• Data for this exercise:
►
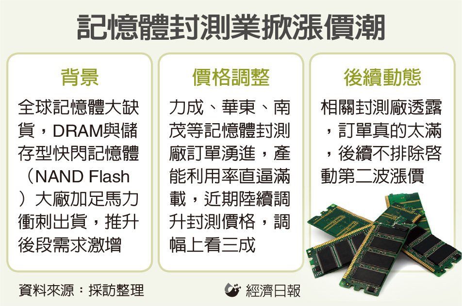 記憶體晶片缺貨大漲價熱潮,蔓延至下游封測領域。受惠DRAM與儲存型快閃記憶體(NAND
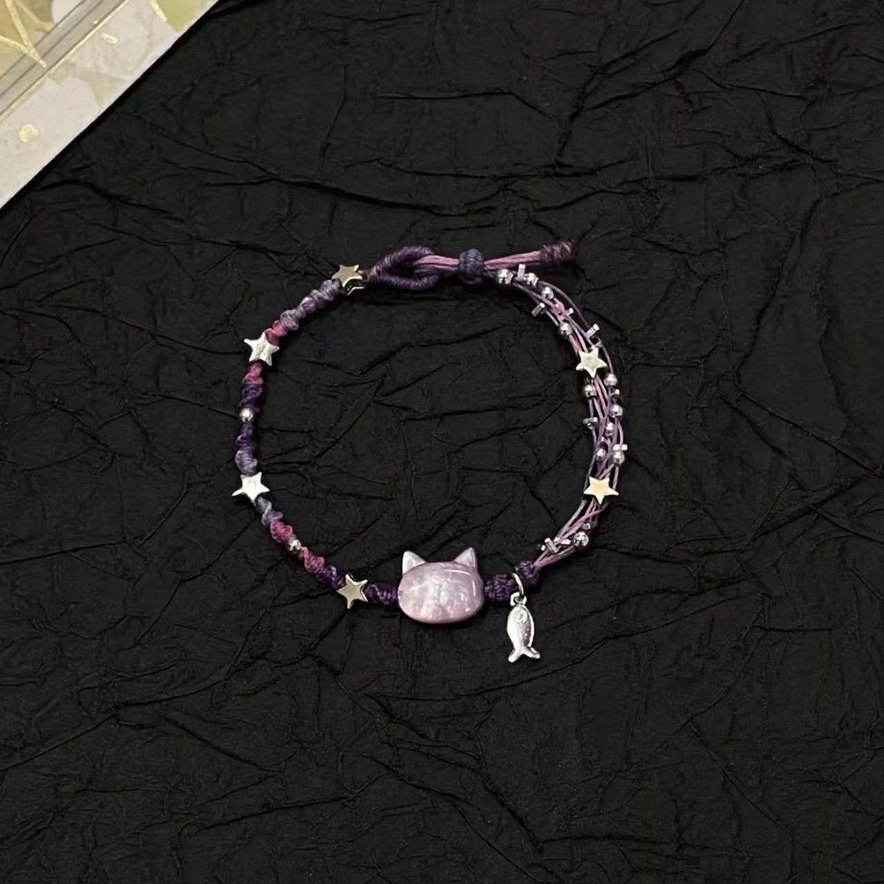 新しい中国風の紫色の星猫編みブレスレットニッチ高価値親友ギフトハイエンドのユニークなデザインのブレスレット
◄
►
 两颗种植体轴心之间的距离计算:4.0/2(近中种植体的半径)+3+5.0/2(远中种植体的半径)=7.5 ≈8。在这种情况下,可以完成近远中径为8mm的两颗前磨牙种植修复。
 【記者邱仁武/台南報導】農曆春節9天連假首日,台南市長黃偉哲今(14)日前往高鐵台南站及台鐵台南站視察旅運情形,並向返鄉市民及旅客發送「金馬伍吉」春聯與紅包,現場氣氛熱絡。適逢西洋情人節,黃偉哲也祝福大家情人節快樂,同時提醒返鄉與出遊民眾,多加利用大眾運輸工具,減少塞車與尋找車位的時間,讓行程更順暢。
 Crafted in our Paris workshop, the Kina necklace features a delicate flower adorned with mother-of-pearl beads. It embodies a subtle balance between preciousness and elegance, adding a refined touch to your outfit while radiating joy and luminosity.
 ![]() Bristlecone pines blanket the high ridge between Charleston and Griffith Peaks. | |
◄
►
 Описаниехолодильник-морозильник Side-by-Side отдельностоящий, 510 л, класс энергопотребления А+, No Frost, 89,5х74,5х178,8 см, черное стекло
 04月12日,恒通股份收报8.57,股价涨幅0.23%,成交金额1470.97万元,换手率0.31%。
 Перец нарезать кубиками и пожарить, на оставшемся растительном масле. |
◄
• Exercise directions: Among the records, find each line where the word "between" occurs, and copy it.

• Answer area:
 Crafted in our Paris workshop, the Kina necklace features a delicate flower adorned with mother-of-pearl beads. It embodies a subtle balance between preciousness and elegance, adding a refined touch to your outfit while radiating joy and luminosity.
 ![]() Bristlecone pines blanket the high ridge between Charleston and Griffith Peaks. | |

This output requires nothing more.